Paradise Seeds Jacky White 5 Samen

Hol dir mit der Jacky White das Beste aus zwei Cannabis-Größen ins Zelt. Dieser Sativa-Hybrid liefert dir rasante 60 Tage Blütezeit, verlässlichen Ertrag und ein markantes Grapefruit-Aroma. Perfekt für SCROG-Setups und Grower, die dichte Buds wollen, ohne ewig zu warten.

5 Feminisierte Samen 75 % Sativa 60 Tage Blütezeit Grapefruit-Terpene
Überblick

Wenn du eine echte Sativa-Dominanz im Zelt haben willst, ohne dich auf quälend lange Blütephasen einzulassen, ist die Jacky White von Paradise Seeds deine Genetik. Diese Sorte verbindet zwei unangefochtene Klassiker der Cannabis-Welt: Die anregende, zerebrale Energie der Jack Herer und die frostige Harzproduktion der White Widow. Heraus kommt ein 75%iger Sativa-Hybrid, der extreme Erträge mit einer sehr konstanten Wuchsstruktur vereint.

Paradise Seeds hat Jahre in die Selektion gesteckt, um dieses Profil sauber zu stabilisieren. Das Ziel war eine Pflanze, die das kräftige, ausladende Wachstum einer Sativa mitbringt, dabei aber die dichten Blütenstrukturen einer Indica-Linie nicht verliert. Das Ergebnis ist eine Genetik, die dir kaum ärgerliche Abweichungen zwischen den einzelnen Samen ins Zelt bringt.

Ein massiver Vorteil der Jacky White ist ihr hohes Tempo. Während viele Sativas zehn oder gar zwölf Wochen unter 12/12 brauchen, liefert dir dieser Strain nach nur 60 Tagen Blütezeit voll ausgereifte Buds. Wenn dein Timing im Growraum eng getaktet ist, holst du dir hier ein euphorisches High in einem Zeitrahmen ins Setup, der sonst eher Indica-Sorten vorbehalten bleibt.

Im Einsatz

Sobald die Jacky White in die vegetative Phase startet, spürst du ihren Sativa-Antrieb. Sie wächst überaus vital und bildet sehr schnell kräftige, lange Seitenäste aus. Im Gegensatz zu eher gedrungenen Kush-Strains will diese Pflanze den Platz in deinem Zelt komplett in Beschlag nehmen. Die Äste wachsen robust genug, um später das ordentliche Eigengewicht der schweren Blüten zu tragen.

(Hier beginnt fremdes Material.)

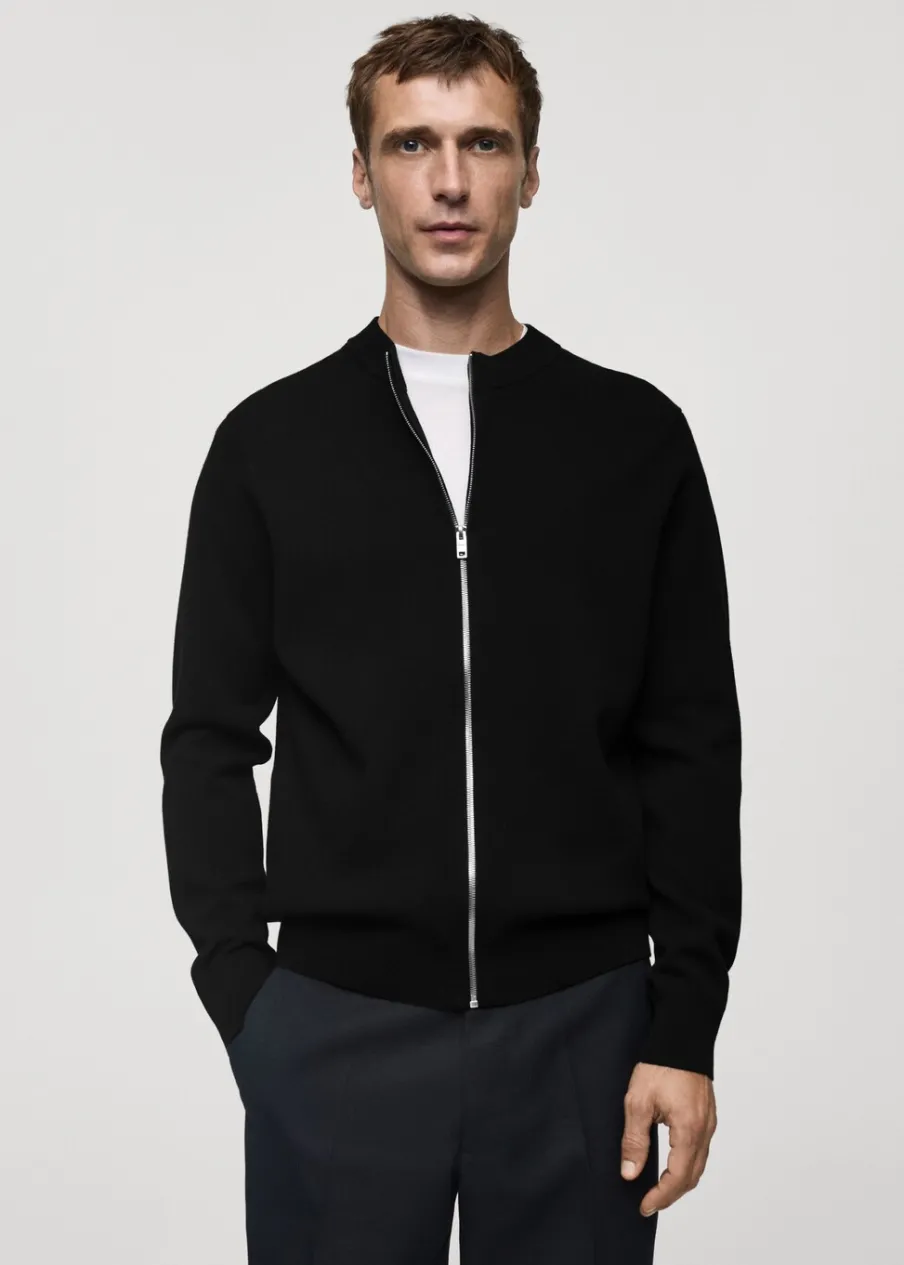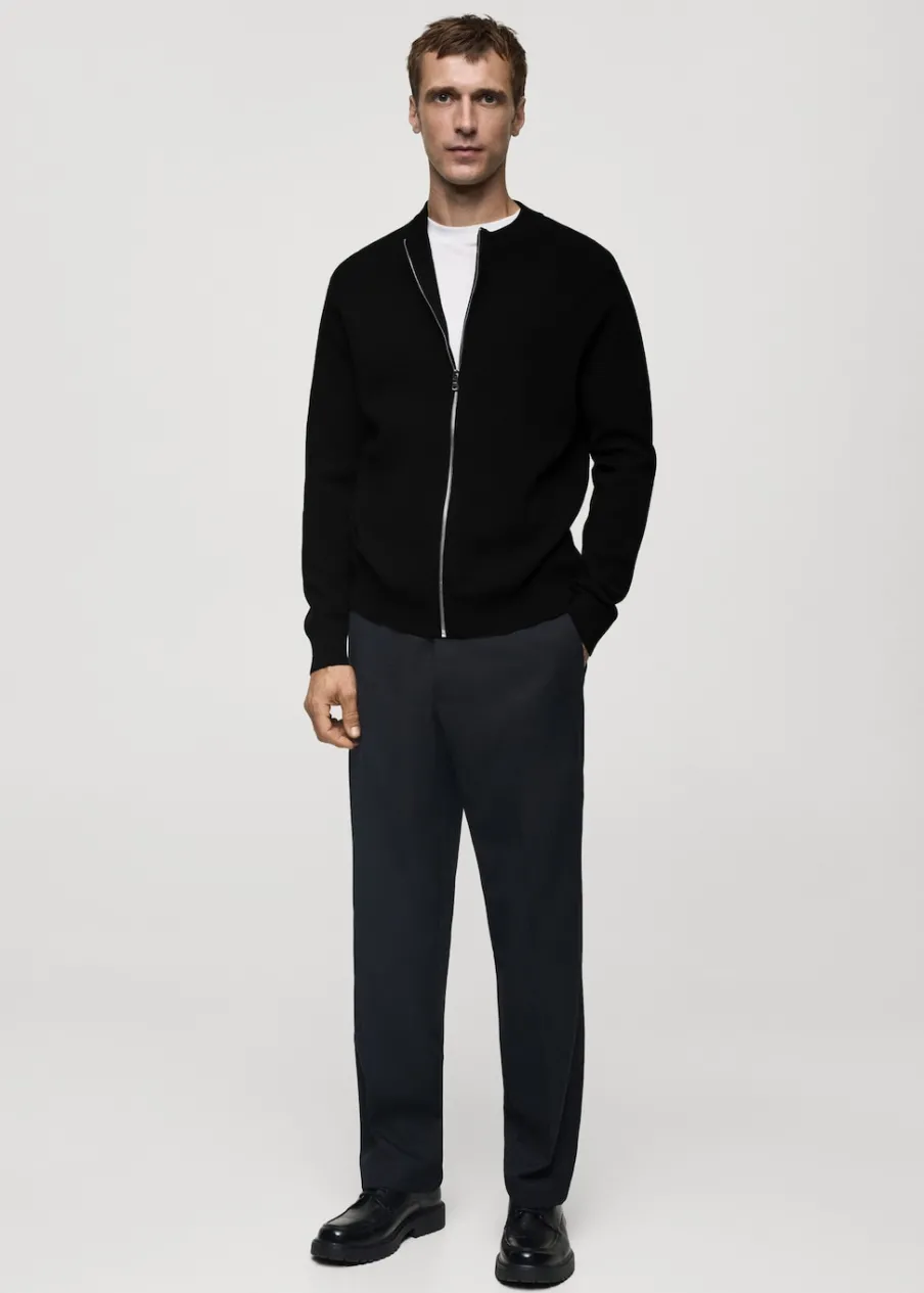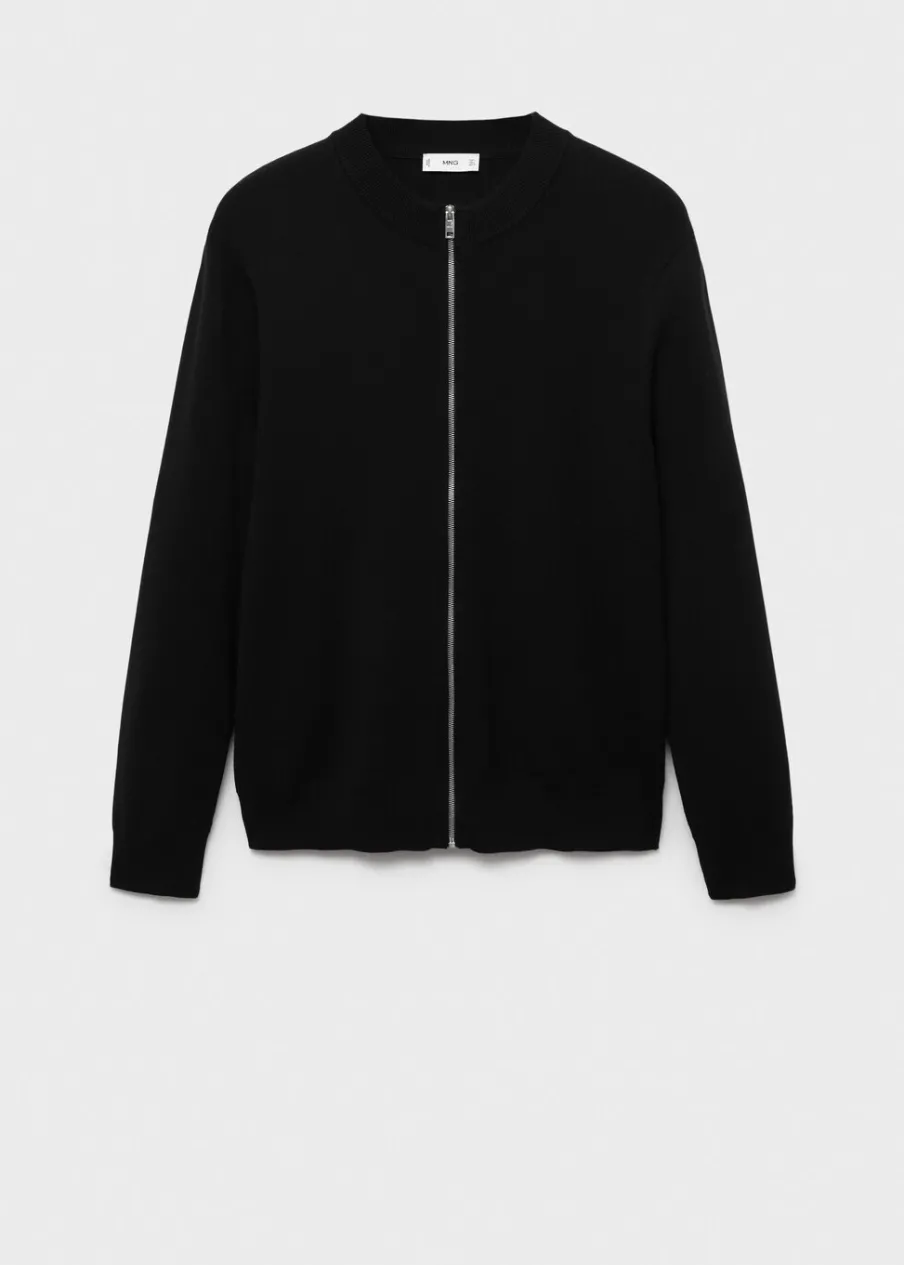 Model prosty. Okrągły dekolt z zapięciem na zamek. Długi rękaw. Prosty dół. Model ma 190 cm wzrostu i nosi rozmiar M. Dzianina o średniej grubości. Prążkowane wykończenie na dekolcie, rękawach i u dołu.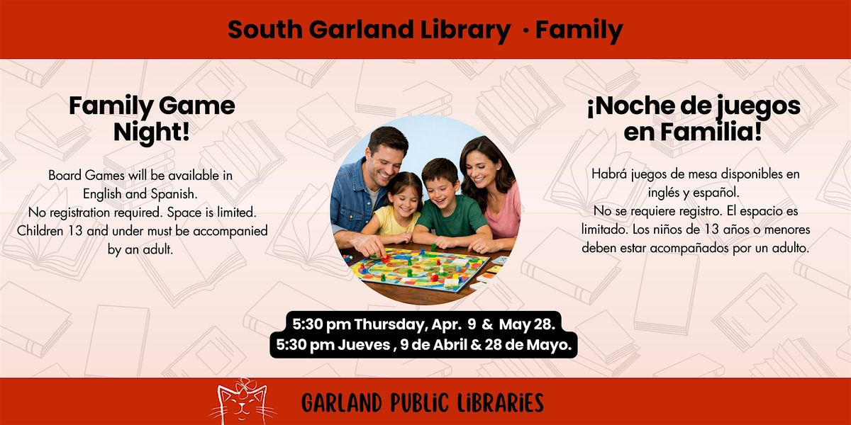 Disfruta de juegos clásicos y modernos en un ambiente agradable y acogedor. Juega con tu familia o amigos y conoce a otras familias y personas de tu comunidad. Juegos disponibles en inglés y español. Cupo limitado. Los menores de 13 años deben estar acompañados por un adulto.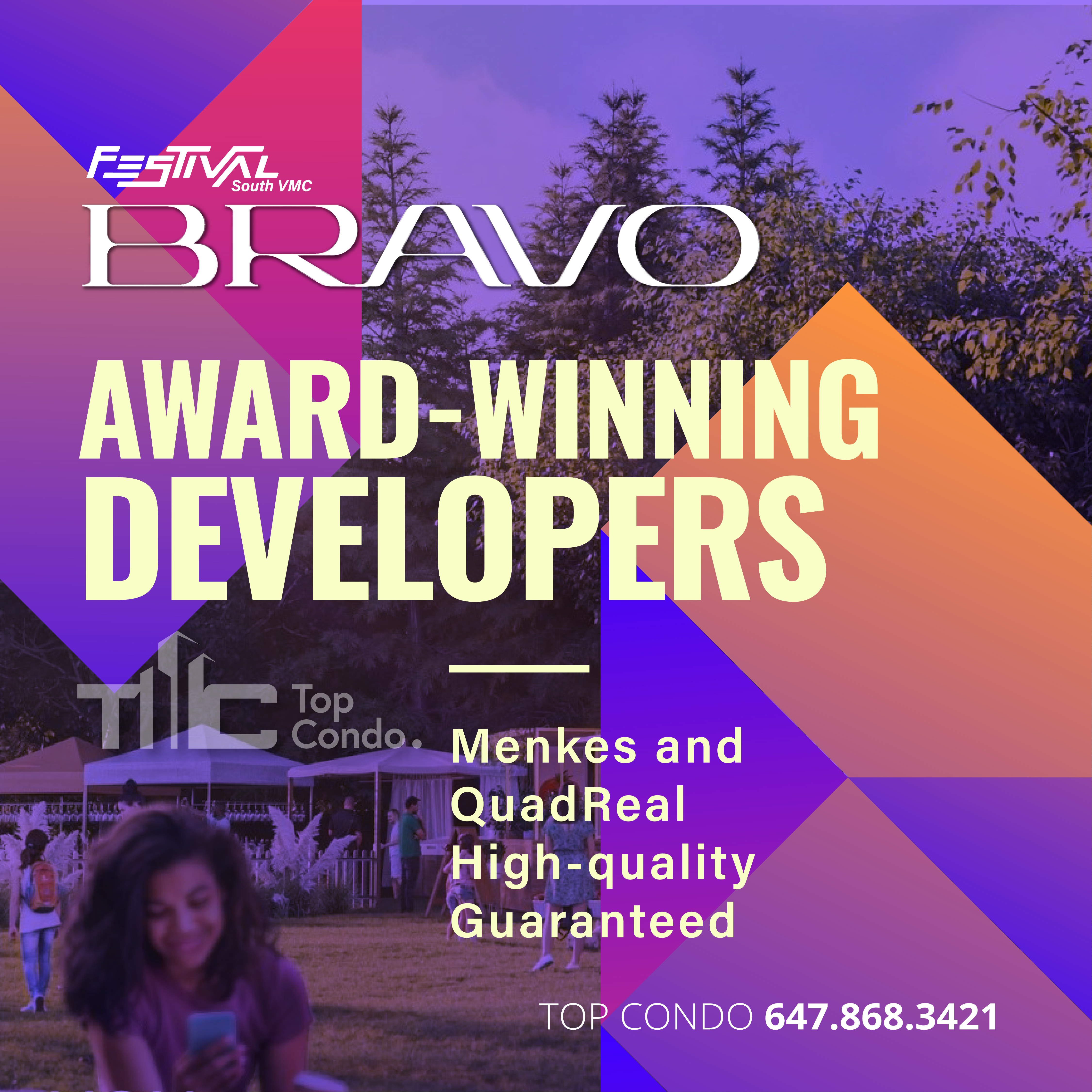 Bravo Condos and the Festival community is an exciting, large scale project being developed by award-winning developers Menkes and QuadReal which is set to become one of the country’s largest master-planned communities. Both Menkes and Quadreal are very experienced and trusted development companies in the Toronto real estate industry. Together they are committed to building Grand Landmark Festival Condos as a sustainable, vibrant, and modern project, creating a residential environment that is accessible, green, and that will enhance the lives of its residents and the surrounding community.

Wenn du die Zeitschaltuhr auf Blüte (12/12) stellst, beginnt der typische Sativa-Stretch. Wenn du diesen Stretch in den ersten Wochen unterschätzt und die Pflanzen einfach wachsen lässt, schießen sie dir direkt in die LEDs. Bereite dich darauf vor, dass sie ihre Höhe locker verdoppelt. Der Fix: Binde die höchsten Triebe sanft herunter oder setze direkt rechtzeitig ein Pflanzennetz ein.

Gegen Mitte der Blütezeit füllt sich deine Box dann mit einem markanten Grapefruit-Aroma. Der Duft ist eine frische Mischung aus sauren Zitrusnoten und einer dichten, erdigen Haze-Süße. Die Blütenstände (Colas) wachsen klassisch lang und überziehen sich dank der White-Widow-Gene in den letzten Blütewochen mit einer klebrigen, blendend weißen Harzschicht.

Anwendung

Weil die Jacky White ihre Wuchsenergie so stark nach oben und außen drückt, ist sie der perfekte Kandidat für Pflanzentraining. Wenn dein Zelt eher Standardmaße (um die 2 Meter Höhe) hat, solltest du die Pflanze idealerweise in der Vegi-Phase toppen. Durch diesen Schnitt der Hauptspitze brichst du den vertikalen Zug und verteilst die Energie auf mehrere Haupttriebe, was den finalen Ertrag deutlich pusht.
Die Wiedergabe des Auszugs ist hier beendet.